6. Covenant Against Contingent Fees. The Professional warrants that s/he has not
been employed or retained any company or person, other than a bona fide employee working
for the Professional, to solicit or secure this contract, that s/he has not paid or agreed to pay any
company or person, other than a bona fide employee, any fee, commission, percentage,
brokerage fee, gifts or any other consideration contingent upon or resulting from the award or
making of this contract. For a breach or violation of this contract without liability, or in its
discretion to deduct from the contract price or consideration, or otherwise recover, the full
amount of such fee, commission, percentage, brokerage fee, gift or contingent fee.

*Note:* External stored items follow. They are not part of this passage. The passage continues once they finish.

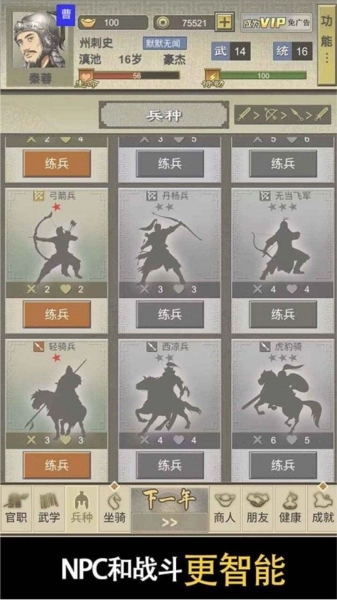 相生相克,步克弓,弓克骑,骑克步。更高级的兵种需要达到一定官职,拥有对应兵书后解锁,兵书在主要在城市的【搜索】和“意外之财”两个地方几率产出。
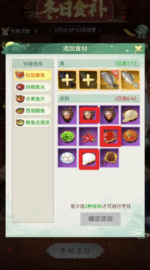 第四道菜是松鼠鳜鱼。玩家只需要在烧好的鱼上挤上番茄酱,撒上糖和淀粉即可。完成这道菜后会被赠送独孤剑圣,拜月教主,景天,林天南,唐钰,花楹等角色。做一道菜是剁椒鱼头,玩家需要用到一条鱼的鱼头,然后撒上剁椒和胡椒粉,葱花即可。完成这道餐后会赠送给玩家唐雪见,苏媚,徐长卿,阿奴,星璇,夙玉,镇狱明王,天灵皇等角色。要注意的是,某些菜品需要多条鱼才才能成功,如果玩家第一次没有成功可以多选几条鱼进行尝试。
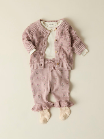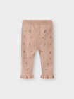 Emlen stickade byxor från Lil' Atelier är det perfekta valet för små barn som förtjänar både komfort och stil. Byxorna är tillverkade av mjuk ekologisk bomull som känns skön mot huden och garanterar god andningsförmåga hela dagen. Det subtila, diskreta mönstret och de söta volangdetaljerna vid anklarna ger dem ett charmigt utseende, medan den justerbara midjan med knytband garanterar en perfekt passform. Ribbade kanter håller byxorna på plats, och den klassiska designen gör dem lätta att matcha med både bodys och blusar. Perfekt för både vardagsbruk och festliga tillfällen där komfort och utseende går hand i hand.
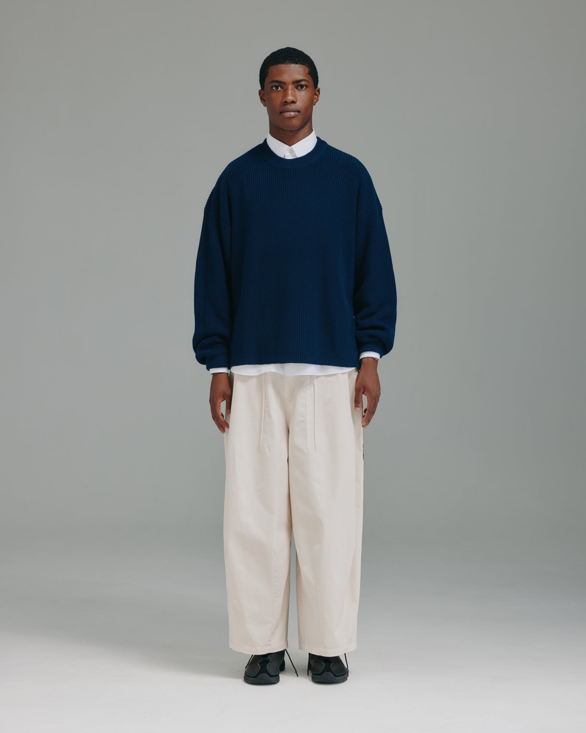 The Sleek Knit is built from 100% cotton yarn, shaped through a compact knit construction for a considered, structured feel. Its compact construction holds a sharp, understated silhouette, balanced by a raw hem that softens the finish with a worn-in edge. A refined embroidered detail at the lower back adds a quiet signature. Designed to sit effortlessly within rotation, it bridges everyday wear with a more elevated sensibility.
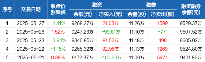 三一重能:融资净买入21.03万元,融资余额9268.27万元(05-27)
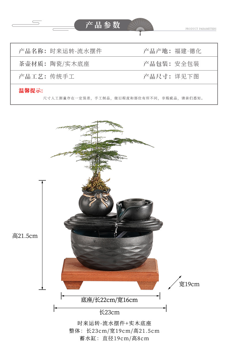 • [블랙 모델] 행운을 빌어요 - 흐르는 물 장식 + 원목 베이스
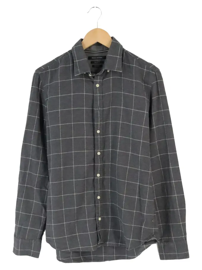 MARC O POLO Herren Freizeithemd M Grau Kariert Langarm Baumwolle
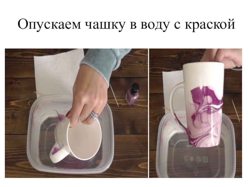 Слайд 14Опускаем чашку в воду с краской
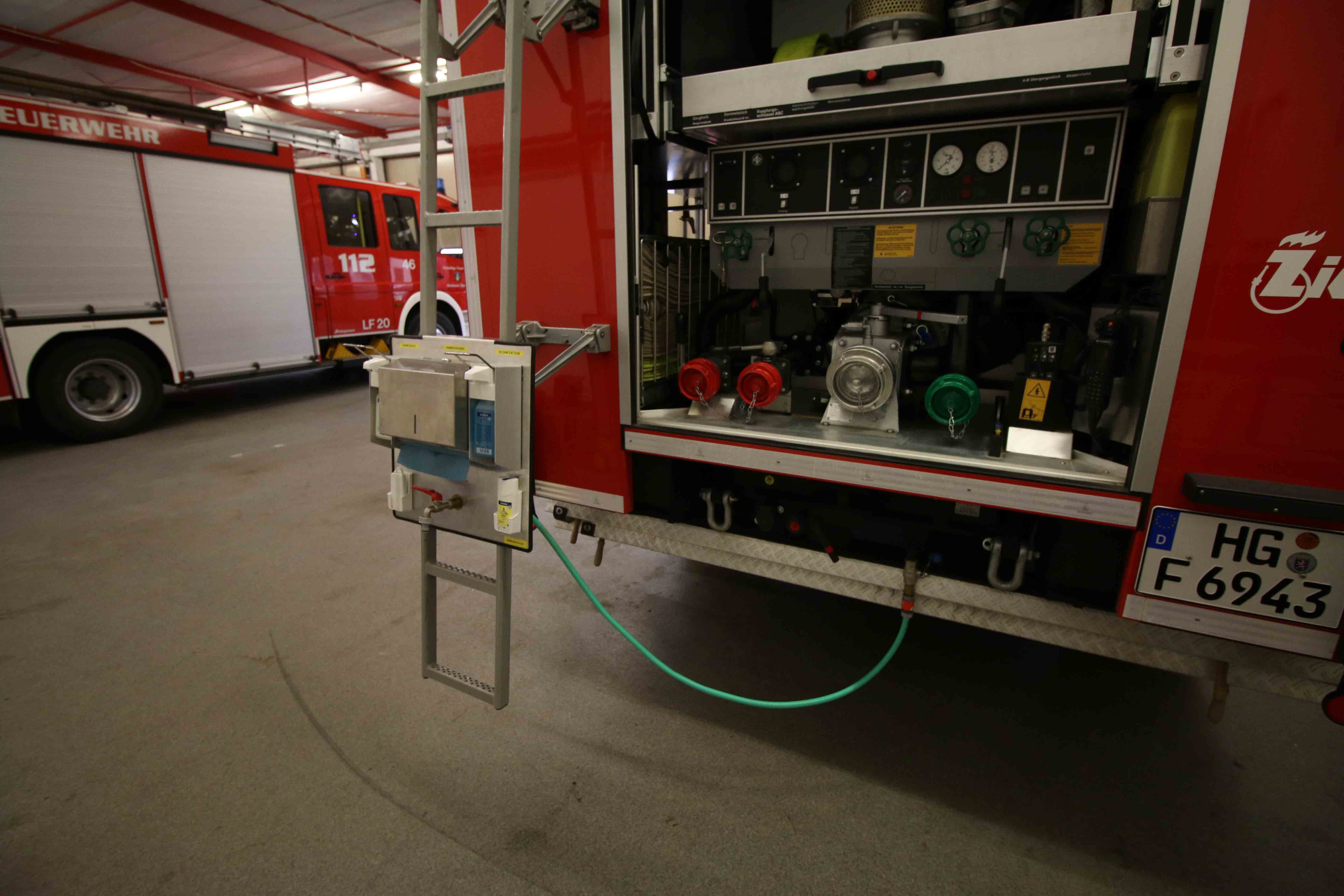 Das Hygieneboard dient der Einsatzstellenhygiene und wurde von Angehörigen der Feuerwehr Steinbach selbst entworfen und gebaut. Es besitzt zwei Spender, welche mit Desinfektionsmittel und Handseife bestückt sind. Des Weiteren gibt es eine Handwaschbürste und einen Handtuchspender für Einmaltücher. Auch gibt es eine kleine Spenderflasche mit Handcreme. Somit ist eine schnelle und ausreichende Reinigung von Haut- und Handflächen gewährleistet und die Kontaminationsverschleppung von der Einsatzstelle bis in die Feuerwache wird minimiert. Das Hygieneboard gibt es auf allen drei Löschfahrzeugen und wird an der Heckleiter des betreffenden Fahrzeuges eingehängt. Es wird durch den jeweiligen Löschwassertank mit Wasser versorgt, sodass das Hygieneboard schnell und unabhängig eingesetzt werden kann. Zusätzlich wird noch eine Bürste mit Wasseranschluss vorgehalten, um auch der Grobreinigung von Stiefeln und Einsatzkleidung nachzukommen.
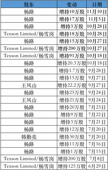 不仅机构一致看好,中国旭阳集团的控股股东及高管亦“自掏腰包”,在过去几个月里持续增持公司股份。11月至今,中国旭阳集团的执行董事杨路便分别于11月5日、11月10日以每股均价4.5341港元和4.52港元增持17万股、10万股,增持动作完成后,杨路累计持有公司股份163万股,持股比例约为0.04%。另据统计,下半年来包括中国旭阳集团控股股东Texson Limited、董事会主席兼行政总裁杨雪岗、执行董事兼副总裁韩勤亮、执行董事兼副总裁王风山等重要股东均有过增持公司股份的动作。
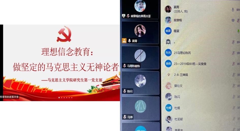 3月23日下午,williamhill威廉希尔研究生第一党支部利用腾讯会议在线上召开以“做坚定的马克思主义无神论者”为主题的三月份主题党日活动暨2021年度组织生活会、民主评议会。支部书记夏青主持会议。
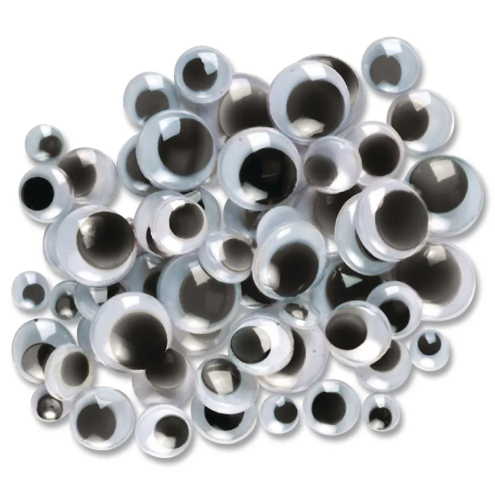 (100/Pack) 0.27 in., 0.39 in., 0.47 in., 0.59 in. Wiggle Eyes Assortment – Black – PAC344602R
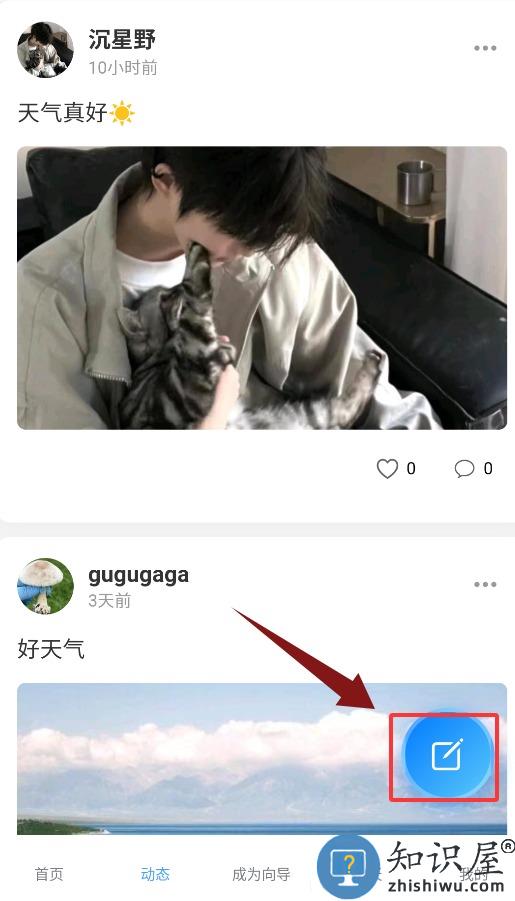 3、动态页支持浏览他人分享,亦可点击右下角按钮发布个人内容。
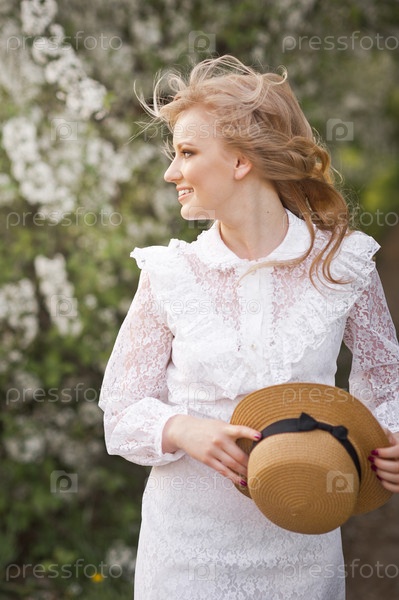 Девушка в белом платье с кружевами и соломенной шляпкой в руках 2676
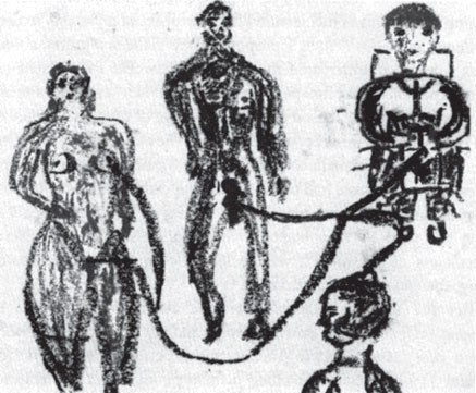 Однако изобразительный процесс оказался для меня очень трудным, и мне было тяжело принять то, что в результате него получилось (рисунок 3). Сейчас я лучше понимаю желание клиентов уничтожить свои работы. Но рисование все же принесло мне определенное облегчение. Хотя я чаще создаю абстрактные образы, на сей раз рисунок был реалистичным: я попыталась изобразить преследующие меня неприятные фантазии. Я нарисовала себя держащей на коленях электрическую батарею, готовой нажать на кнопку. Батарея соединялась проводами с теми или иными частями тела обнаженных жертв: соском и промежностью Анни, гениталиями Тома и головой Роберта (этот клиент часто жаловался на головные боли, которые были связаны с тем, что, когда он находился в тюрьме, его постоянно били по голове).
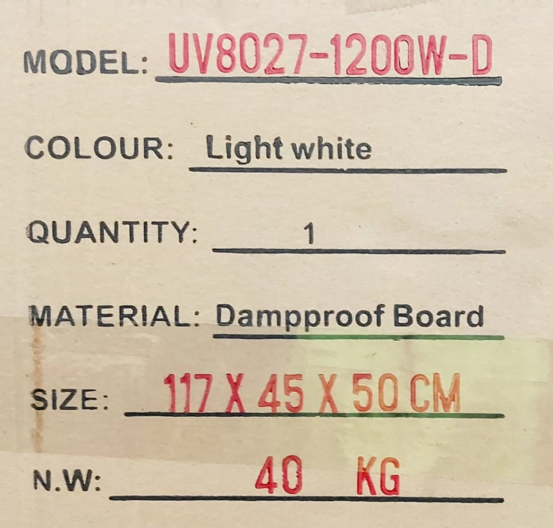 Bathroom Vanity, Model: UV8027-1200W-D, White, Qty: 6 to pallet, sold as pallet lot,
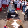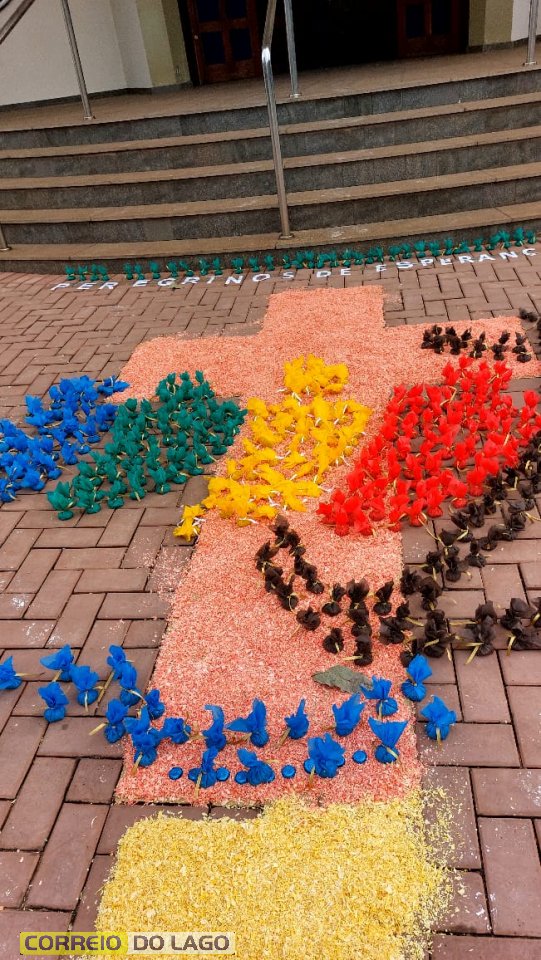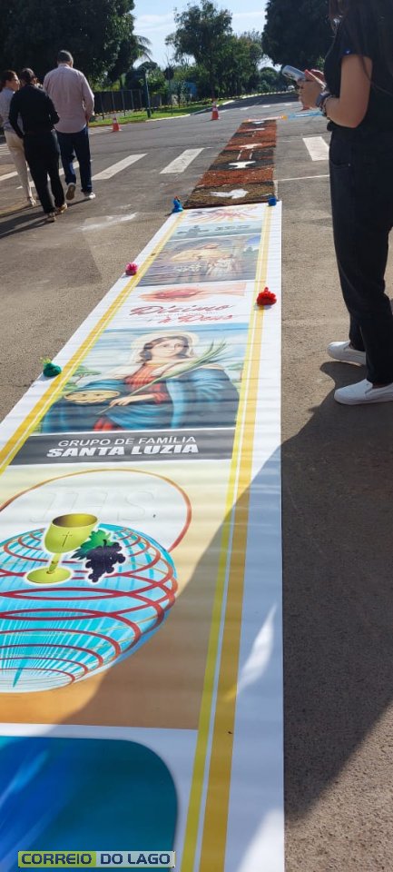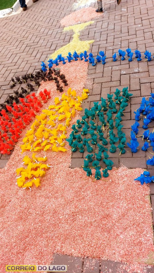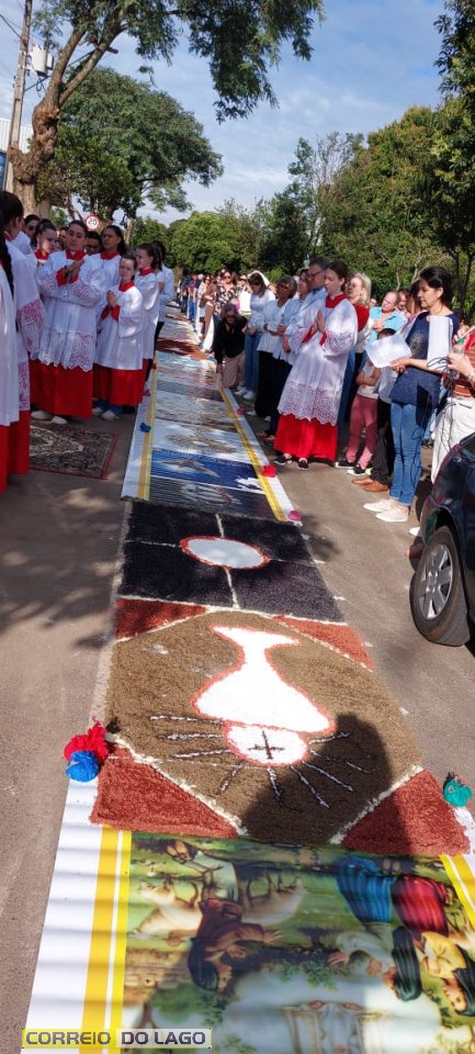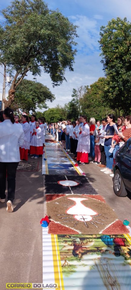 Desde as primeiras horas da manhã, grupos de famílias, catequistas, pastorais e membros da comunidade católica se dedicaram à montagem dos tapetes ao longo das ruas próximas à Igreja Matriz. Com serragem tingida, sal, tecidos, flores e outros materiais, os tapetes formaram imagens sacras, símbolos e mensagens de paz, gratidão e reflexão sobre a presença viva de Cristo na Eucaristia.
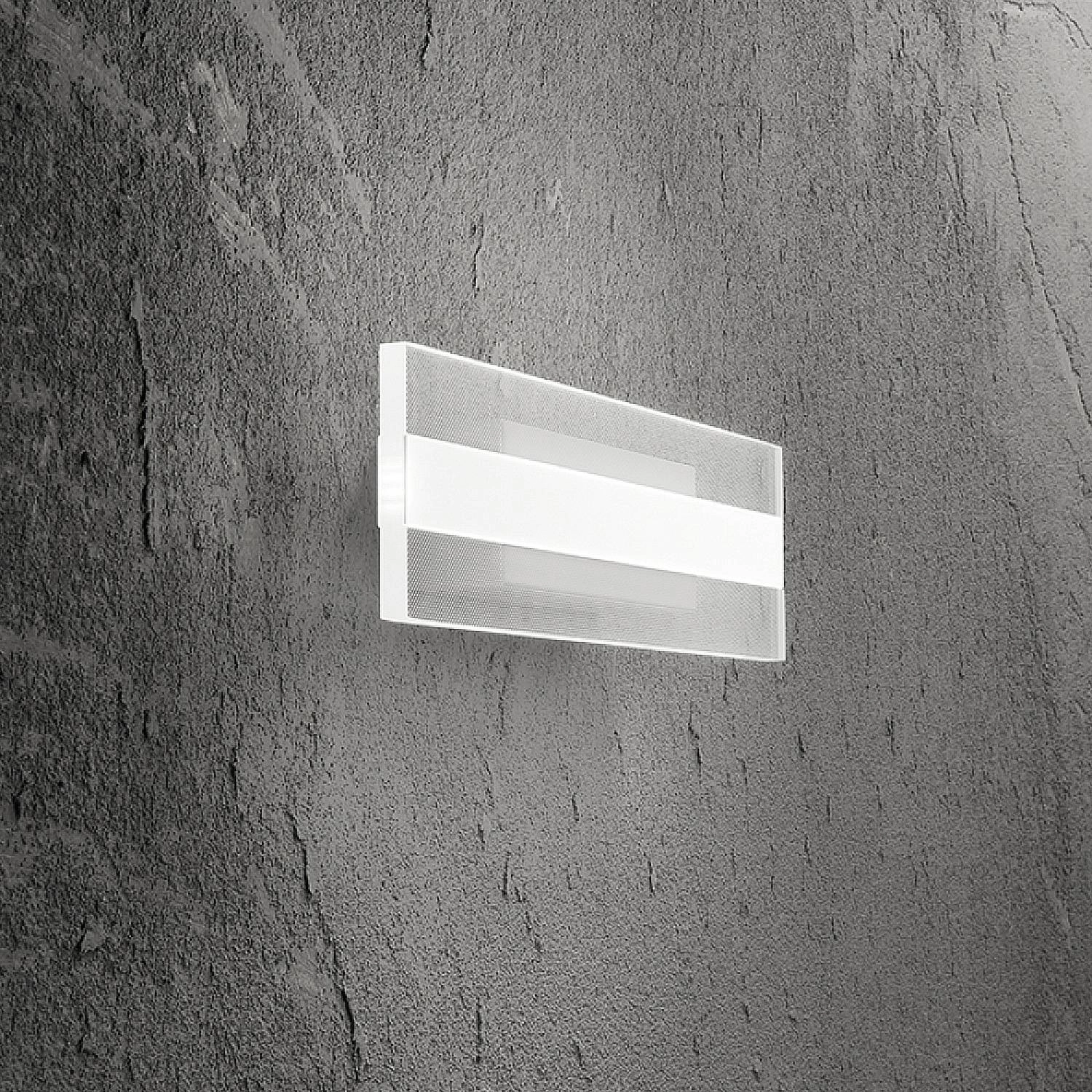 Applique da parete con telaio in metallo verniciato a polvere di colore bianco opaco e diffusore in plexiglass trasparente. È un'ottima soluzione di illuminazione per interni moderni. Il suo design semplice ed elegante garantisce una diffusione uniforme della luce. La sua forma snella permette di adattarsi a qualsiasi ambiente e stile di arredamento. Inoltre, grazie alla sua fonte luminosa a LED integrata, questa applique è anche molto efficiente dal punto di vista energetico.
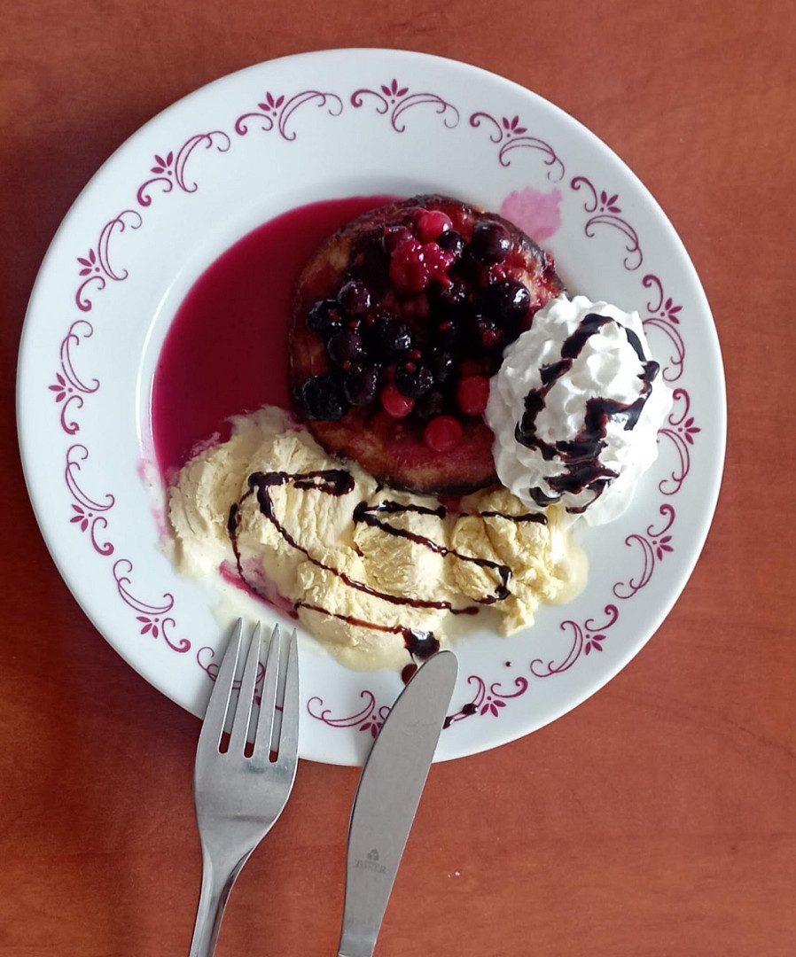 Lívance s omáčkou z lesního ovoce a se zmrzlinou

7. Independent Contractor Status. It is expressly acknowledged and understood by
the parties that nothing contained in this agreement shall result in, or be construed as establishing
an employment relationship. Professional shall be, and shall perform as, an independent
Contractor who agrees to use his or her best efforts to provide the said services on behalf of the
City. No agent, employee, or servant of Professional shall be, or shall be deemed to be, the
employee, agent or servant of the City. City is interested only in the results obtained under this
contract. The manner and means of conducting the work are under the sole control of
Professional. None of the benefits provided by City to its employees including, but not limited
to, workers' compensation insurance and unemployment insurance, are available from City to
the employees, agents or servants of Professional. Professional shall be solely and entirely
responsible for its acts and for the acts of Professional's agents, employees, servants and
subcontractors during the performance of this contract. Professional shall indemnify City against
all liability and loss in connection with, and shall assume full responsibility for payment of all
federal, state and local taxes or contributions imposed or required under unemployment
insurance, social security and income tax law, with respect to Professional and/or Professional's
employees engaged in the performance of the services agreed to herein.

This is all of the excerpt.